Was kann man tun, damit die Kinder daheim nicht medial verwahrlosen?
Wichtig ist, dass Kinder keine Smartphones im Bett benutzen dürfen. Das gilt auch für Eltern. Eine gemeinsame Ladestation außerhalb des Schlafzimmers hilft dabei. Die Kinder sehen dann, dass auch die Eltern nicht im Bett am Smartphone hängen. Und glauben Sie mir, die Kinder kontrollieren das. Außerdem sollten Kinder möglichst spät ein eigenes Smartphone bekommen. Ich halte 14 Jahre für ein gutes Alter.
Haben Kinder, die keine Smartphones haben, Nachteile im sozialen Umfeld?
Der soziale Druck ist natürlich spätestens ab der 5. Klasse riesig. Viele Kinder behaupten dann gerne einfach, „alle anderen“ hätten ein Smartphone, um ihre Eltern zu überzeugen. Meine Empfehlung: Eltern können sich mit Gleichgesinnten organisieren, damit ihre Kinder nicht alleine ohne Smartphone dastehen. Auch ein „Buddy-System“ hilft: Wenn ein Kind einen Freund hat, der ebenfalls noch etwas länger auf ein eigenes Smartphone warten muss, fällt es schon viel leichter, den Smartphone-Gruppenzwang zu ertragen.

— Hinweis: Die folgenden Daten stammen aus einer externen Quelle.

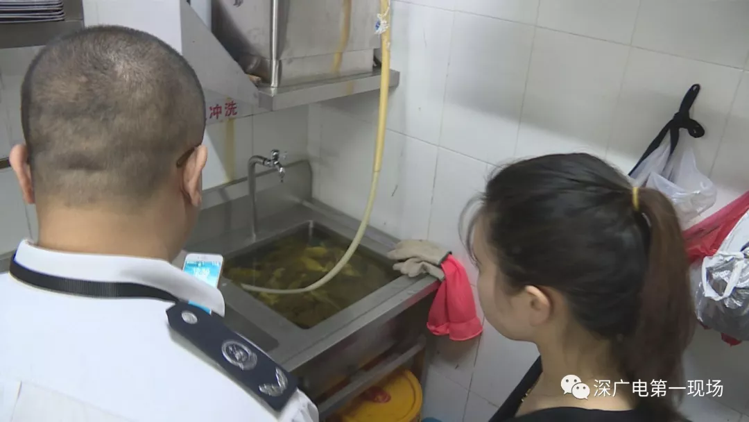 中午12點(diǎn),記者隨同市監(jiān)寶安局沙井所的執(zhí)法人員對(duì)這家蟹王子餐廳進(jìn)行突擊檢查。才剛進(jìn)后廚沒(méi)多久。執(zhí)法人員就發(fā)現(xiàn)。這做酸菜魚(yú)的酸菜。居然泡在了洗碗池!

Wie reagieren Schulen auf diese Entwicklungen? Sie gehen ja als Medientrainer an die Schulen, um mit den Kindern und Lehrern zu diskutieren.
Lehrkräfte beobachten überall, dass die Konzentrations- und Leistungsfähigkeit der Schüler abnimmt. Für mich kein Wunder: Viele Kinder schlafen ja kaum noch, weil sie oft nachts noch lange am Handy sind. Deshalb sind Schulen und Eltern immer häufiger bereit, sich mit dem Thema auseinanderzusetzen.
Wie erleben Sie das Medienverhalten an christlichen Schulen?
Ich bemerke ehrlich gesagt kaum Unterschiede zu anderen Schulen. Die größte Rolle spielen soziale und wirtschaftliche Faktoren. An Schulen in „ärmeren Gegenden“ ist die Problematik oft größer, weil viele Eltern die komplexe Thematik der digitalen Medienerziehung überhaupt nicht im Blick haben.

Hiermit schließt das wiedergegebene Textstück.